▸ **Material to process**:
□ □ □

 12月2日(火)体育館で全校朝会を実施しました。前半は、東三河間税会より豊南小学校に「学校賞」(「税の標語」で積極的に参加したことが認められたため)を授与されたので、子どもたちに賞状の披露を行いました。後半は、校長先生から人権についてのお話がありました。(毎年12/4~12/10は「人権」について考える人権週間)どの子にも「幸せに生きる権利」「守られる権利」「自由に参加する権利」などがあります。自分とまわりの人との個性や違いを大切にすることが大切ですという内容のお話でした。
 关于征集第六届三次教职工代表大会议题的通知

□ □ □

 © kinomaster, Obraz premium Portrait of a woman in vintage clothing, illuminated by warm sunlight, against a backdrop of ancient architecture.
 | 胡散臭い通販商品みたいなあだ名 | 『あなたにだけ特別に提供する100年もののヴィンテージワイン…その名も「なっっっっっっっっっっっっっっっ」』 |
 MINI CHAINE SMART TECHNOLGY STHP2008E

□ □ □

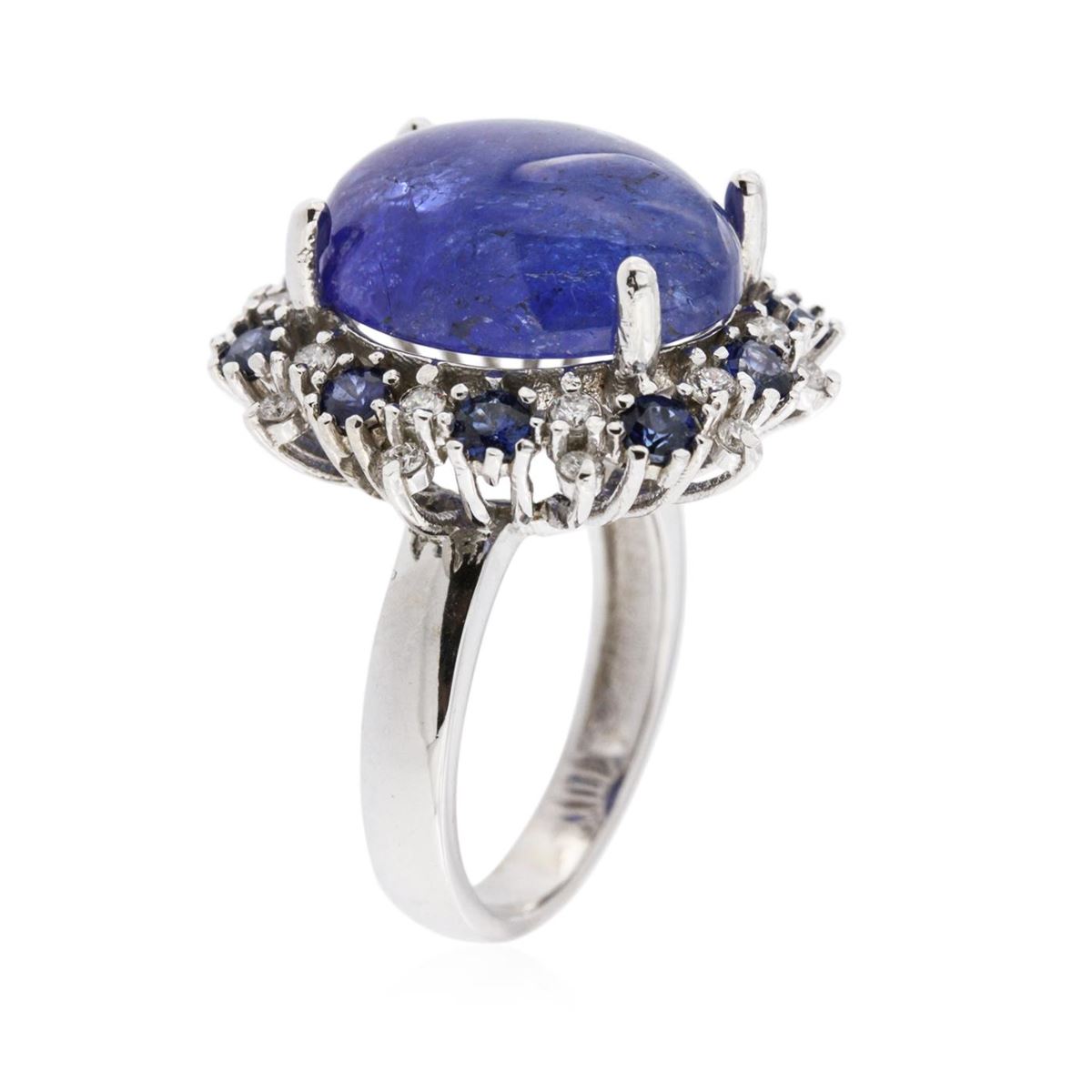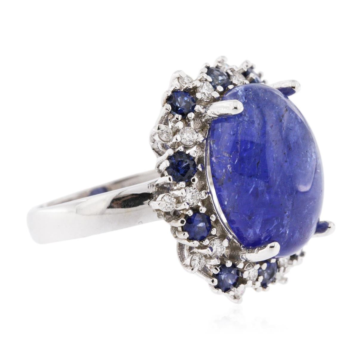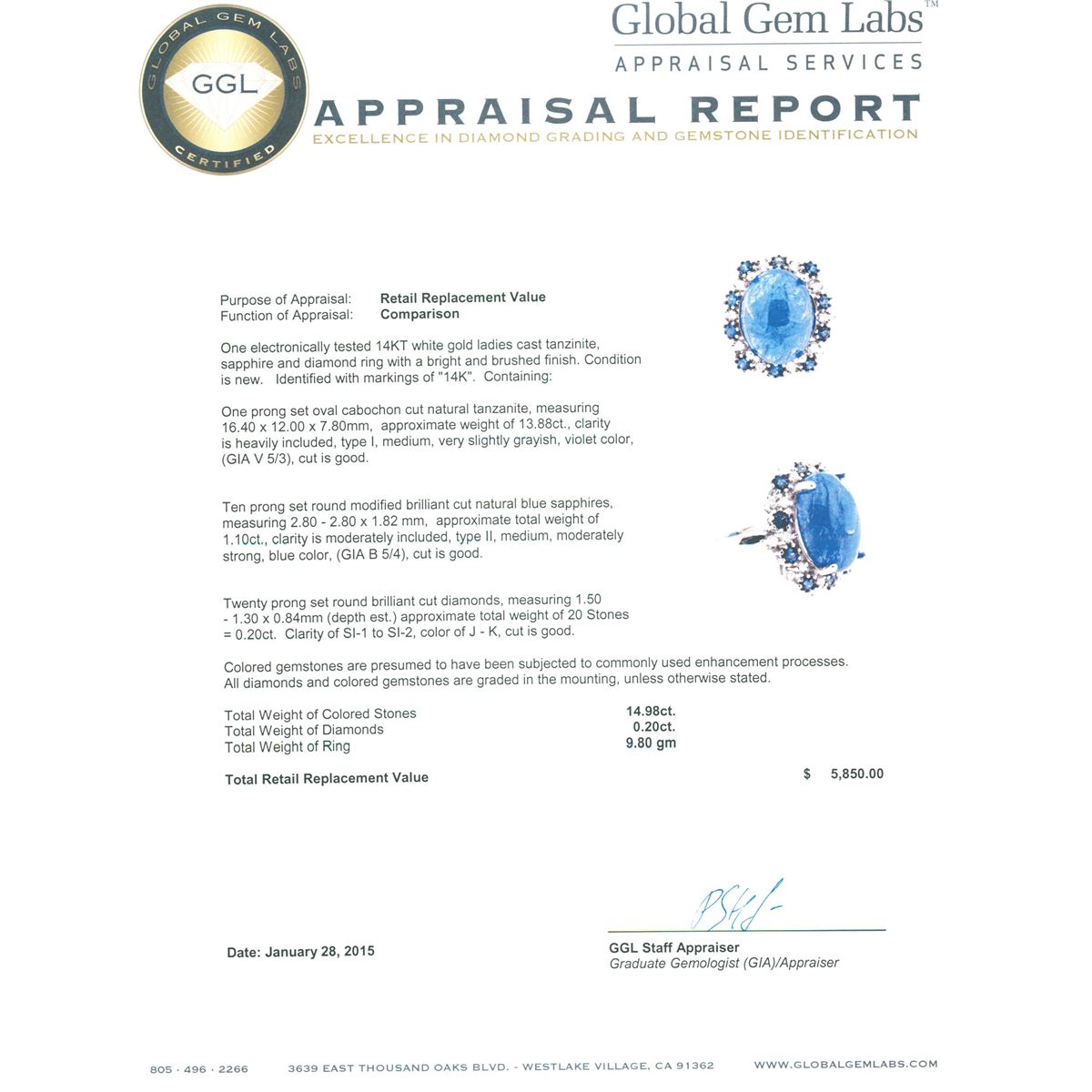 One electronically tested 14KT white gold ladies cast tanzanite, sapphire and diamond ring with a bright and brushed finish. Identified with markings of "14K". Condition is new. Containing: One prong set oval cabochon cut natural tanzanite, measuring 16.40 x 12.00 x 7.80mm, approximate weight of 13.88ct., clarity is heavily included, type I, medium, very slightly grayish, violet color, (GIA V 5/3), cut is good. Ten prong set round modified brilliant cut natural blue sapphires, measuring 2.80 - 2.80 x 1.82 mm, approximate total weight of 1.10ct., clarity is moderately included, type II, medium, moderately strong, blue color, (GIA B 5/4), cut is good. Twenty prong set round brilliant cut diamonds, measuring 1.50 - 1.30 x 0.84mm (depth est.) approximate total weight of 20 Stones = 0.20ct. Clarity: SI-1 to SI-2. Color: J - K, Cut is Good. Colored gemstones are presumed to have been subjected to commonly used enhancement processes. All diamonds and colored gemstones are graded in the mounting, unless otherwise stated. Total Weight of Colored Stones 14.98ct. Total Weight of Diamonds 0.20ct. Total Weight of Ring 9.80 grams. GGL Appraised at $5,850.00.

□ □ □

▸ **What the exercise asks**: Which lines above run from the one containing "12月2日(火)体育館で全校" to the one containing "关于征集第六届三次教职工代表大会议题的通知"? Give them again exactly, both ends included.

▸ **Response area**:
 12月2日(火)体育館で全校朝会を実施しました。前半は、東三河間税会より豊南小学校に「学校賞」(「税の標語」で積極的に参加したことが認められたため)を授与されたので、子どもたちに賞状の披露を行いました。後半は、校長先生から人権についてのお話がありました。(毎年12/4~12/10は「人権」について考える人権週間)どの子にも「幸せに生きる権利」「守られる権利」「自由に参加する権利」などがあります。自分とまわりの人との個性や違いを大切にすることが大切ですという内容のお話でした。
 关于征集第六届三次教职工代表大会议题的通知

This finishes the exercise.